Viel Lob von internationalen Stars

Respekt und Bewunderung erhielt sie auch von Weltstars wie Tom Jones. Er war zu einer Sendung eingeladen, bei der sie mit ihrer Band als Ersatz eingesprungen war. „Der ist fast ausgerastet“ berichtete Joy Fleming, ebenso wie Shirley Bassey. Diese jedoch in einem anderen Sinn, da sie fürchtete, Joy hätte ihr die Schau gestohlen. Lobende Worte kamen von Janis Joplin, bei deren einzigen Deutschlandkonzert Joy Fleming im Vorprogramm aufgetreten war: „Noch nie habe ich so eine schöne Stimme gehört wie Deine.“

Berührend war ein Erlebnis in Cannes. Dort wurde sie von dem berühmten Musiker und Komponisten Michel Legrand begleitet. Mitten im Lied hörte er auf zu spielen, stand auf, nahm Joy Fleming in den Arm und sagte: „Was für eine wunderschöne Stimme“.

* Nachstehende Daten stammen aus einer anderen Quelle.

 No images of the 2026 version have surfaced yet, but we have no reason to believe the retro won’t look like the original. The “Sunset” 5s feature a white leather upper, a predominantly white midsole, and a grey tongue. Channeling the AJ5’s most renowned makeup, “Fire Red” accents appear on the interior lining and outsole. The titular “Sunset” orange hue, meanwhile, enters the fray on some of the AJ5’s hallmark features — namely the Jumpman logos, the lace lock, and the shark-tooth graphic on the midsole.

Ein Franzose wird der Mann ihres Lebens

Noch ein Franzose hat ihr Leben in ganz anderer Art und Weise beeinflusst. Es war die „späte Liebe mit 52“ wie sie es nannte. Sie suchte einen Produzenten und der Bassist ihrer Band vermittelte ihr den Kontakt zu Bruno Masselon, der seit 1997 nicht nur beruflich sondern auch privat der Mann an ihrer Seite war. Beide ergänzten sich perfekt, erklärte sie. Er ist es auch, der zusammen mit Joy Flemings Sohn Bernd Peter das musikalische Erbe der Künstlerin lebendig hält. 

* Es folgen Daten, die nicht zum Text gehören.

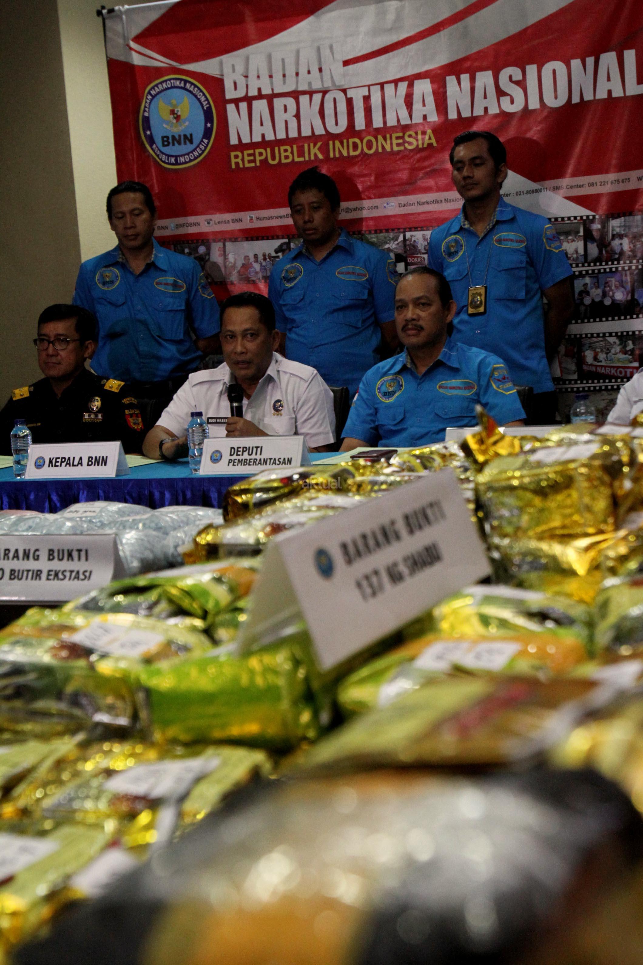Kepala BNN Komjen Pol Budi Waseso (tengah) saat menunjukan barang bukti narkotika saat menggelar jumpa pers di kantor BNN, Jakarta, Rabu, (27/9/2017).Dalam jumpa persnya BNN bersama Bea dan Cukai berhasil membongkar jaringan peredaran gelap narkotika yang beroperasi di perairan Indonesia dan tim gabungan berhasil mengamankan 137.692 gram sabu dan 42500 butir pil ekstasi di pantai Ujungcuram, Aceh Timur. AKTUAL/Munzir

Mit Leidenschaft und einem hohen Maß an Professionalität hat sie ihren Beruf ausgeübt und war mit Leib und Seele Sängerin. Dabei blieb sie bodenständig, trug ihr Herz auf der Zunge und liebte klare Worte.  Bereits vor rund dreißig Jahren hatte Joy Fleming ein eigenes Studio, eine Plattenfirma und einen Musikverlag gegründet. Dies alles fand Platz auf ihrem Bauernhof in Hilsbach bei Sinsheim, in dem die große Tierfreundin zusammen mit vielen Haustieren seit Mitte der 1970er Jahre gelebt hatte.

Joy Flemming Preis (Foto: SWR)

Bis zuletzt gab sie Konzerte, war als Gesangslehrerin tätig und arbeitete mit der Mannheimer Popakademie zusammen. Am 27. September 2017 ist Joy Fleming völlig überraschend in ihrem Zuhause friedlich eingeschlafen.